Heisman was also a Shakespearean actor off the field[2] and was known for his use of polysyllabic language in coaching. This is exemplified in his speeches, one of which is given here. He was known to repeat this annually, at the start of each season, in order to encourage his team.[9]
“ |
What is this? It is a prolate spheroid, an elongated sphere in which the outer leather casing is drawn tightly over a somewhat smaller rubber tubing. Better to have died as a small boy than to fumble this football. |
” |
Auburn
The following year, he became the fifth head football coach at Auburn University. His team once executed a "hidden ball trick" in the 1895 game against Vanderbilt as Auburn seemed to run a revolving wedge.[10] Vanderbilt won nevertheless, 9 to 6; the first time in the history of southern football that a field goal decided a game.[11] "Billy" Williams recalled:[12]
I was playing left half for Auburn and Tichenor was quarterback. We were on Vandy's 15-yard line and had the ball in our possession. Tich passed the ball to me; I raised his jersey and hid the ball under it, at the same time dashing toward our right end, protected by several members of the Auburn team...Vandy thought I had the ball. Tich journeyed around his own left and went over the Vanderbilt's goal line. The first time the Vandy players knew Tich had the ball and had made a touchdown was when they saw him pulling the ball from under his jersey.
Heisman at Auburn
Quarterback Reynolds Tichenor described the nature of the play as follows:[11]
"The play was simply this. When the ball was snapped it went to a halfback. The play was closely massed and well screened. The halfback then thrust the ball under the back of my jersey. Then he would crash into the line. After the play I simply trotted away to a touchdown.

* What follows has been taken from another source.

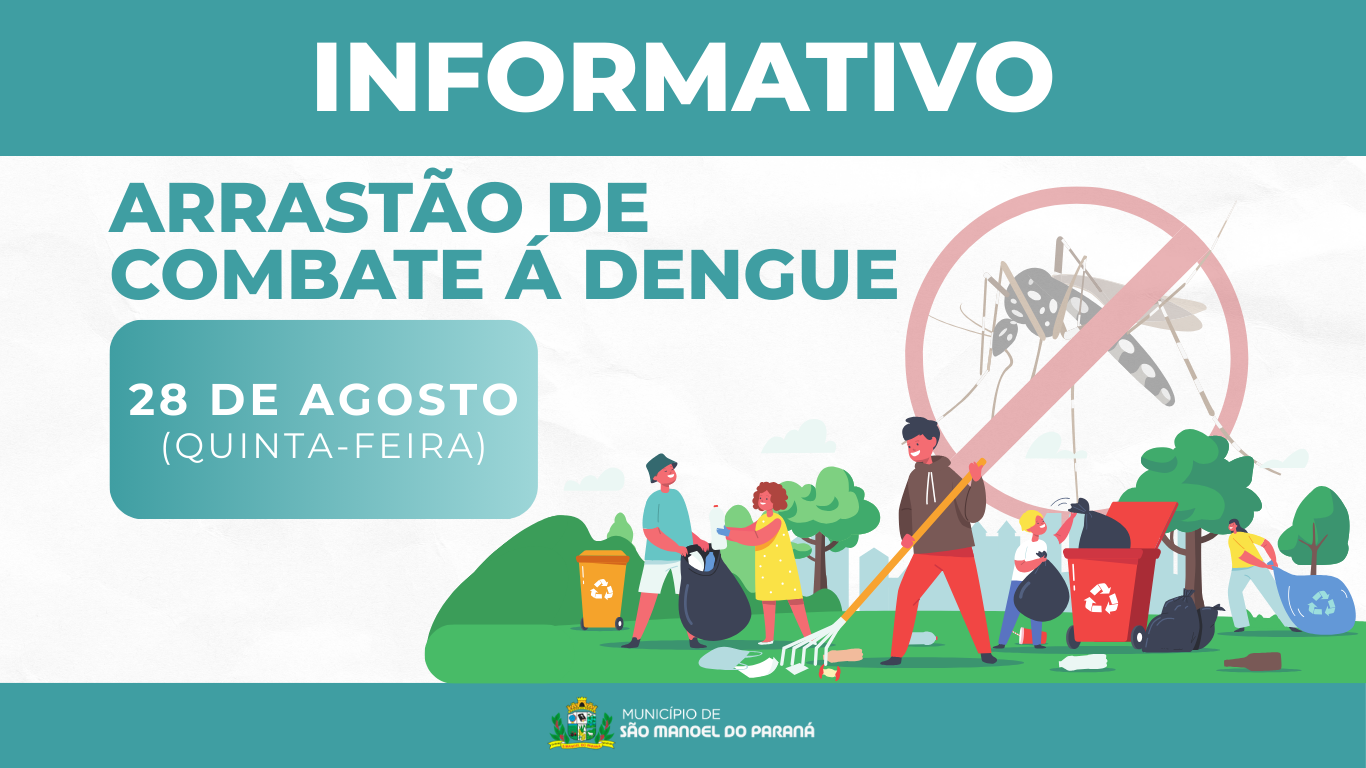 Na quinta-feira, 28 de agosto, das 7h às 17h, a Secretaria Municipal de Saúde de São Manoel do Paraná realizará o Arrastão de Combate à Dengue, com o recolhimento de resíduos em todas as residências do município.

The 1897 team finished $700 in debt, and Heisman was the actor, director, and producer of David Garrick to raise the money.[13] As such, he is founder of Auburn’s first theatrical group: The A.P.I. Dramatic Club. The 1899 team lost only by a single point to the "Iron Men" of Sewanee, and ran an early version of the hurry-up offense.[14] As Heisman recalled:
The team of ’99—my last at Auburn—was a great one. It only weighed about 160 (pounds per player), but its speed and team work were something truly wonderful. I do not think I have ever seen so fast a team as that was. It would line up and get the ball in play at times before the opposing players were up off the ground. You see it was a ‘stunt’ of ours to catch them off side and get the benefit of the penalty. Nowadays no team is taken by surprise by such lightning lining up; but that Auburn team of ’99 was the first to show what could be done with speedy play, and then it wasn’t long before all other teams were laboring with might and main to inject speed into their work.
Clemson
1903 Clemson Tigers; Heisman in back, second from left with glasses
In 1900, Heisman went to Clemson University, where he coached four winning seasons and three SIAA titles. The 1902 team beat Tennessee 11–0, during which the Vols' Tootsie Douglas launched a 109-yard punt (the field length was 110 yards in those days)[15][16][17] Heisman described the kick:
"The day was bitterly cold and a veritable typhoon was blowing straight down the field from one end to the other. We rushed the ball with more consistency than Tennessee, but throughout the entire first half they held us because of the superb punting of "Toots" Douglas, especially because, in that period he had the gale squarely with him. Going against that blizzard our labors were like unto those of Tantalus. Slowly, with infinite pains and a maximum of exertion, we pushed the ball from our territory to their 10-yard line. We figured we had another down to draw on, but the referee begged to differ. He handed the ball to Tennessee and the "tornado." Their general cheerfully chirped a signal – Saxe Crawford, it must have been –; and "Toots" with sprightly step, dropped back for another of his Milky Way punts. I visualize him still, standing on his own goal line and squarely between his uprights. One quick glance he cast overhead– no doubt to make sure that howling was still the same old hurricane."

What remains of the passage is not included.